# Embarrassed



## Grayson (Oct 2, 2009)

Starting the gym next week, I'm tiny and not strong at all. Am I gonna' look stupid or pathetic while benching something like 10 KG as thats all I can manage while doing the exercise correctly?


----------



## Dean00 (Jan 25, 2009)

Everyone has to start from somewer buddy.


----------



## dan the man (Apr 1, 2009)

agreed


----------



## dmcc (Nov 25, 2007)

You won't look stupid at all. We all start at the same place (relatively speaking). And in my experience, a more hardcore gym is more friendly and welcoming than a Fitness David Reebok Active health club too...


----------



## 54und3r5 (Apr 11, 2008)

I wouldn't worry at all mate. We all start somewhere and i can reassure you that from the very moment i began the gym up until now i have never seen another trainer ridicule or laugh at a beginner. And if someone does laugh at you then consider that as motivation to get stronger (plus they must be absolute nob heads to do something like that)


----------



## Jux (Jul 23, 2008)

^^^ what he said.

Even arnie started out lifting light weights.

A year from now you'll deffo be lifting some more serious weight.


----------



## rooty (Dec 11, 2008)

got to start at the bottom and work your way up mate, get used to the exercises and get your form spot on then strength will be up befor you know it


----------



## Guest (Oct 24, 2009)

dmcc said:


> *You won't look stupid at all.* We all start at the same place (relatively speaking). And in my experience, a more hardcore gym is more friendly and welcoming than a Fitness David Reebok Active health club too...
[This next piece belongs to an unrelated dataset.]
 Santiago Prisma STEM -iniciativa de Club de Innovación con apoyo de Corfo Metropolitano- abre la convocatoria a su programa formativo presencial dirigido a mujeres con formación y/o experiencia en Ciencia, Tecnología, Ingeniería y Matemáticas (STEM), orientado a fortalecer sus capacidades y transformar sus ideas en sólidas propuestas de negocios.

X2, everyones been there before, no one was born massive and super humanly strong.


----------



## G-man99 (Jul 15, 2008)

Just get in there mate and do what you can and forget about others and concentrate on what you can do.
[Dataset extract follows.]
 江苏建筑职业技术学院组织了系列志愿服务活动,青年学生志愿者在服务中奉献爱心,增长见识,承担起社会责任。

If its a decent gym then people will be happy to give you some advice and point you in the right direction if your form needs improving etc.

You can always ask some of the lads for advice and i'm sure they will be happy to share it with you


----------



## Random181 (Oct 4, 2009)

Youll look fine buddy, everyone with half an ounce of decency will give you respect for doing things properly (good form).


----------



## dasheleboopi (Sep 22, 2009)

nothing to worry about mate everyone starts somewhere youv just got to remember all the big guys in the gym were lifting small at first just like you


----------



## Flynnie_Guns (May 27, 2005)

Dont worry about it mate every one starts out where you are good luck.


----------



## gold95 (May 23, 2009)

like the guys have said don't worry about it. every single person in the gym will have been in your position. most people will be concentrating on themselves & probably won't even notice you. before too long you'll be one of the big guys & watching the newbies. just stay relaxed & enjoy it... :thumb:


----------



## M_at (May 2, 2009)

If you end up at a chain gym try to take advantage of the staff their - get them to do a decent induction to show you their equipment properly.
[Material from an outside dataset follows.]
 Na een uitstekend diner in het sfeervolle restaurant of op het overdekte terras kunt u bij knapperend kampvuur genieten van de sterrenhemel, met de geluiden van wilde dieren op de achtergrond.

If you can afford it a few PT sessions may be worthwhile.


----------



## pea head (May 28, 2008)

10kg a side....i was doing that weight for 6 months when i started at 9 and half stone.

Get in the gym and enjoy mate.


----------



## JUICERWALES (Oct 20, 2009)

10k ?


----------



## Grayson (Oct 2, 2009)

Cheers, I'm starting next monday, got my workout and diet sorted. So hopefully I'll start packing on good lean muscle, and get stronger in the process. Gonna ask on my induction to be shown how to do every exercise on my workout correctly.


----------



## dasheleboopi (Sep 22, 2009)

good stuff man if you push yourself harder every session you should see some good strength gains in the first 2 to 3 months


----------



## frowningbudda (Dec 16, 2008)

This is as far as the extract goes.